#### Task brief
Only the lines below from the one containing "1-2. Boda. 3." through the one containing "2 ท่านขึ้นไป ✈️" belong in the answer, set down exactly, with the pictures left out.

#### Supplied records
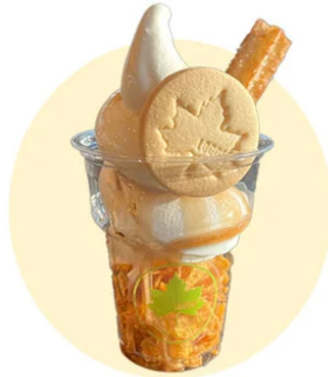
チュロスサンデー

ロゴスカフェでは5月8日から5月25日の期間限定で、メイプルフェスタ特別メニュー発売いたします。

--

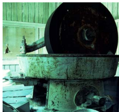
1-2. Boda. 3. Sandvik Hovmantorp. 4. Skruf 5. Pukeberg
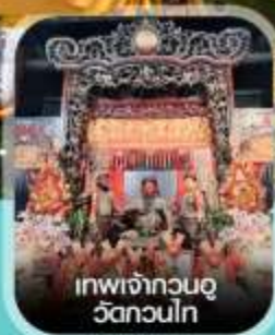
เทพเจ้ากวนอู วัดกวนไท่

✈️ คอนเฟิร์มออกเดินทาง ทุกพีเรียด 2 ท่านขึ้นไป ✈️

#### Final answer
1-2. Boda. 3. Sandvik Hovmantorp. 4. Skruf 5. Pukeberg
เทพเจ้ากวนอู วัดกวนไท่

✈️ คอนเฟิร์มออกเดินทาง ทุกพีเรียด 2 ท่านขึ้นไป ✈️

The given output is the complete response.